Each element in METHODS
is a string of the form:
$HOME/program/solver -a <method>
where solver is a program that can be called as follows:
$HOME/program/solver -a <method> -m <input file> -o <output file> --timeout <timeout in seconds>
The script solves all the problems in parallel and set the runtime limit for each instance to 1 hour (some methods can solve some problems very quickly though), as follows:
#!/bin/bash
source METHODS
source INFILES
source OUTFILES
start=`date +%s`
## Solve in PARALLEL
for index in ${!OUTFILES[*]}; do
(alg=${METHODS[$index]}
infile=${INFILES[$index]}
outfile=${OUTFILES[$index]}
${!alg} -m $infile -o $outfile --timeout 3600) &
done
wait
end=`date +%s`
runtime=$((end-start))
echo "Total runtime = $runtime (s)"
echo "Total number of processes = ${#OUTFILES[@]}"

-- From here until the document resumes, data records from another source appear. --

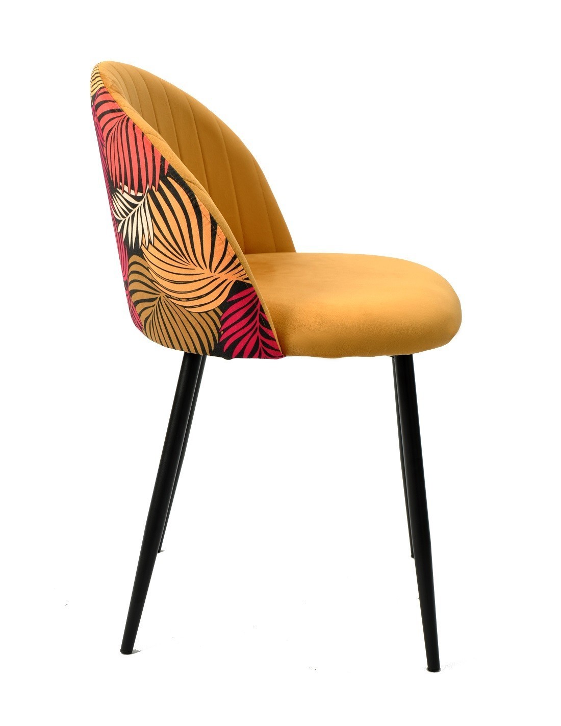 Silla FLORAL, metal, tapizado velvet amarillo con trasera floral a juego
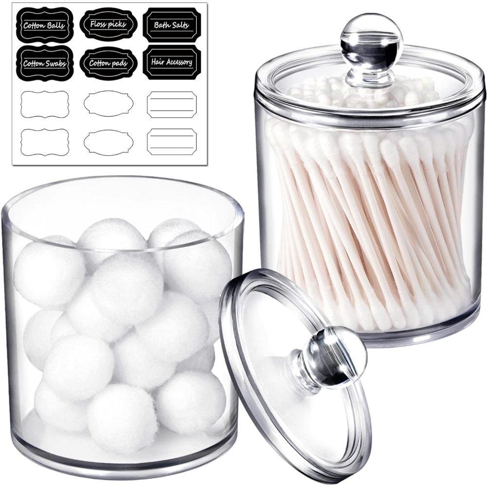 SheeChung 2 Pack Qtip Dispenser Apothecary Jars Bathroom with Labels
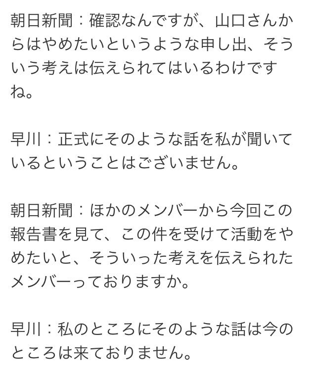 朝日新聞:ほかのメンバーから今回この報告書を見て、この件を受けて活動をやめたいと、そういった考えを伝えられたメンバーっておりますか。

In the above I have length = 619
. I submitted this bash to a cluster with 70 available processors, which should take at maximum 9 hours to finish all the tasks. This is not the case in reality, however. When using the top
command to investigate, I found that only two or three processes are running (state = R
) while all the others are sleeping (state = D
).
What am I doing wrong please?
Furthermore, I have learnt that GNU parallel would be much better for running parallel jobs. How can I use it for the above task?

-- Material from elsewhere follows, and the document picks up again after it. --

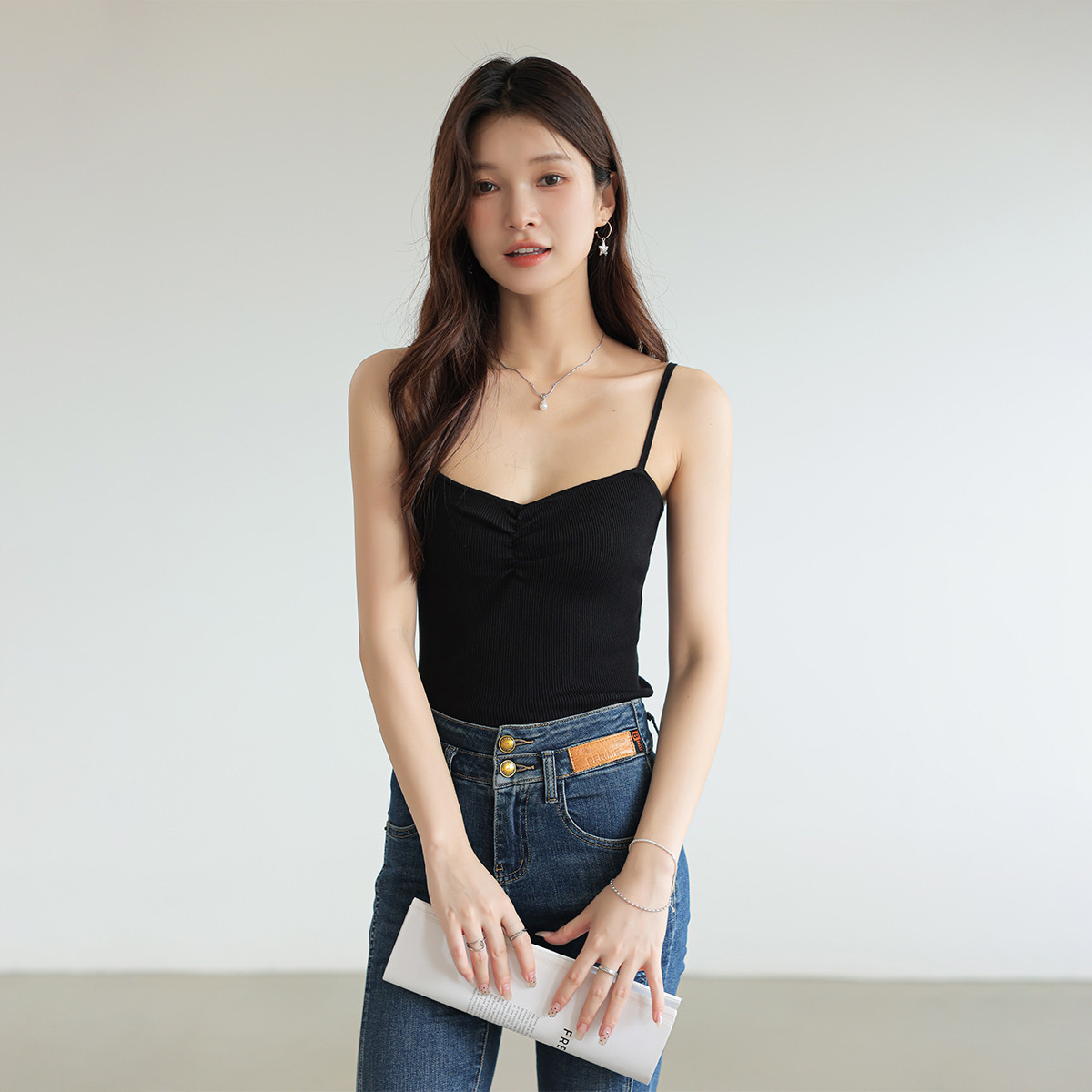 褶皱小吊带背心女内穿修身百搭休闲背心 703363

Thank you very much for your help!
Update: My first try with GNU parallel:
The idea is to write all the commands to a file and then use GNU parallel to execute them:
#!/bin/bash
source METHODS
source INFILES
source OUTFILES
start=`date +%s`
## Write to file
firstline=true
for index in ${!OUTFILES[*]}; do
(alg=${METHODS[$index]}
infile=${INFILES[$index]}
outfile=${OUTFILES[$index]}
if [ "$firstline" = true ] ; then
echo "${!alg} -m $infile -o $outfile --timeout 3600" > commands.txt
firstline=false
else
echo "${!alg} -m $infile -o $outfile --timeout 3600" >> commands.txt
fi
done
## Solve in PARALLEL
time parallel :::: commands.txt
end=`date +%s`
runtime=$((end-start))
echo "Total runtime = $runtime (s)"
echo "Total number of processes = ${#OUTFILES[@]}"
What do you think?
Update 2: I'm using GNU parallel and having the same problem. Here's the output of top
:
top - 02:05:25 up 178 days, 8:16, 2 users, load average: 62.59, 59.90, 53.29
Tasks: 596 total, 7 running, 589 sleeping, 0 stopped, 0 zombie
Cpu(s): 12.9%us, 0.9%sy, 0.0%ni, 63.3%id, 22.9%wa, 0.0%hi, 0.1%si, 0.0%st
Mem: 264139632k total, 260564864k used, 3574768k free, 4564k buffers
Swap: 268420092k total, 80593460k used, 187826632k free, 53392k cached
PID USER PR NI VIRT RES SHR S %CPU %MEM TIME+ COMMAND
28542 khue 20 0 7012m 5.6g 1816 R 100 2.2 12:50.22 opengm_min_sum
28553 khue 20 0 11.6g 11g 1668 R 100 4.4 17:37.37 opengm_min_sum
28544 khue 20 0 13.6g 8.6g 2004 R 100 3.4 12:41.67 opengm_min_sum
28549 khue 20 0 13.6g 8.7g 2000 R 100 3.5 2:54.36 opengm_min_sum
28551 khue 20 0 11.6g 11g 1668 R 100 4.4 19:48.36 opengm_min_sum
28528 khue 20 0 6934m 4.9g 1732 R 29 1.9 1:01.13 opengm_min_sum
28563 khue 20 0 7722m 6.7g 1680 D 2 2.7 0:56.74 opengm_min_sum
28566 khue 20 0 8764m 7.9g 1680 D 2 3.1 1:00.13 opengm_min_sum
28530 khue 20 0 5686m 4.8g 1732 D 1 1.9 0:56.23 opengm_min_sum
28534 khue 20 0 5776m 4.6g 1744 D 1 1.8 0:53.46 opengm_min_sum
28539 khue 20 0 6742m 5.0g 1732 D 1 2.0 0:58.95 opengm_min_sum
28548 khue 20 0 5776m 4.7g 1744 D 1 1.9 0:55.67 opengm_min_sum
28559 khue 20 0 8258m 7.1g 1680 D 1 2.8 0:57.90 opengm_min_sum
28564 khue 20 0 10.6g 10g 1680 D 1 4.0 1:08.75 opengm_min_sum
28529 khue 20 0 5686m 4.4g 1732 D 1 1.7 1:05.55 opengm_min_sum
28531 khue 20 0 4338m 3.6g 1724 D 1 1.4 0:57.72 opengm_min_sum
28533 khue 20 0 6064m 5.2g 1744 D 1 2.1 1:05.19 opengm_min_sum
(opengm_min_sum
is the solver
above)
I guess that some processes consume so much resource that the others do not have anything left and enter the D state?
Summary of the comments: The machine is fast but doesn't have enough memory to run everything in parallel. In addition the problem needs to read a lot of data and the disk bandwidth is not enough, so the cpus are idle most of the time waiting for data.
Rearranging the tasks helps.
Not yet investigated compressing the data to see if it can improve the effective disk I/O bandwidth.